**Information provided**
BEGIN
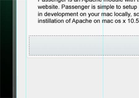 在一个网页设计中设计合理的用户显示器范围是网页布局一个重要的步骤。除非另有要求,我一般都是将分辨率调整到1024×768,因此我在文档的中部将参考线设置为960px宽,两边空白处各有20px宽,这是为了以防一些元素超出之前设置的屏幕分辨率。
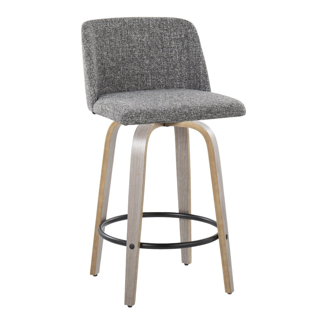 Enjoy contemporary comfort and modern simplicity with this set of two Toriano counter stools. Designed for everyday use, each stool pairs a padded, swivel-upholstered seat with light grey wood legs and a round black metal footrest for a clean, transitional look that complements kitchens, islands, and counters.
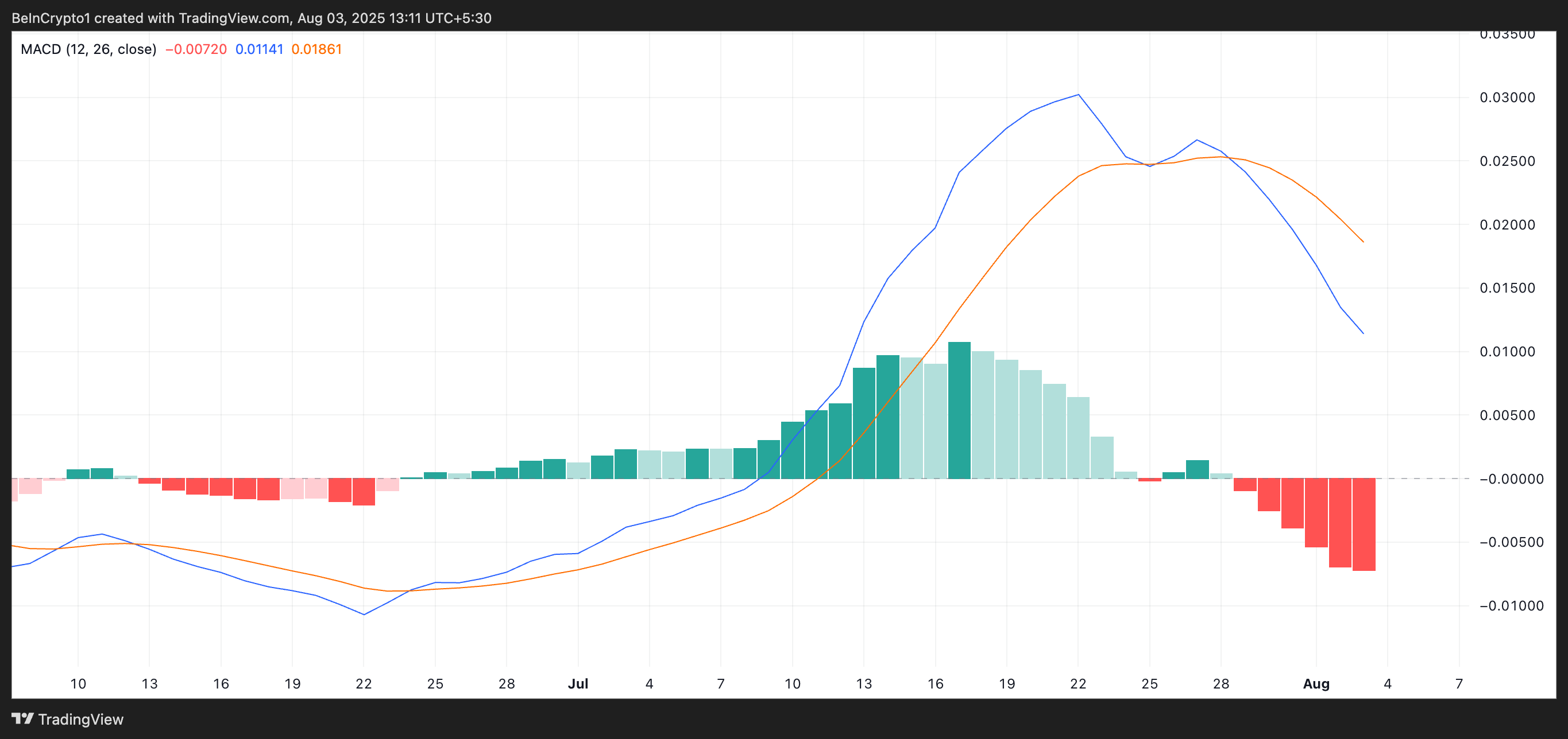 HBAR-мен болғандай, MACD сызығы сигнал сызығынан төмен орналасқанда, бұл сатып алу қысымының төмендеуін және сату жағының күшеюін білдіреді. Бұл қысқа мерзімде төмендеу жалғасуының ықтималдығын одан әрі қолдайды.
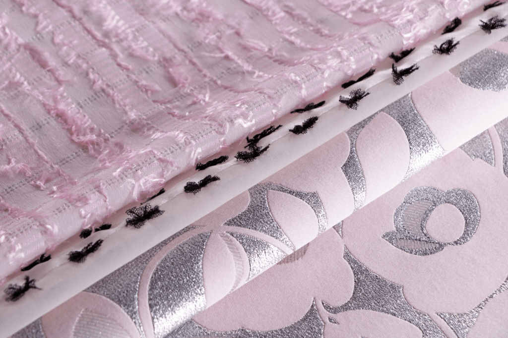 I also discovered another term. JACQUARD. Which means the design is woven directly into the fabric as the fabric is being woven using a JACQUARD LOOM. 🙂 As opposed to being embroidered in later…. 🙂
END
**What you have to do**
Give the listing again word for word. Skip every image.

**Result for this task**
 在一个网页设计中设计合理的用户显示器范围是网页布局一个重要的步骤。除非另有要求,我一般都是将分辨率调整到1024×768,因此我在文档的中部将参考线设置为960px宽,两边空白处各有20px宽,这是为了以防一些元素超出之前设置的屏幕分辨率。
 Enjoy contemporary comfort and modern simplicity with this set of two Toriano counter stools. Designed for everyday use, each stool pairs a padded, swivel-upholstered seat with light grey wood legs and a round black metal footrest for a clean, transitional look that complements kitchens, islands, and counters.
 HBAR-мен болғандай, MACD сызығы сигнал сызығынан төмен орналасқанда, бұл сатып алу қысымының төмендеуін және сату жағының күшеюін білдіреді. Бұл қысқа мерзімде төмендеу жалғасуының ықтималдығын одан әрі қолдайды.
 I also discovered another term. JACQUARD. Which means the design is woven directly into the fabric as the fabric is being woven using a JACQUARD LOOM. 🙂 As opposed to being embroidered in later…. 🙂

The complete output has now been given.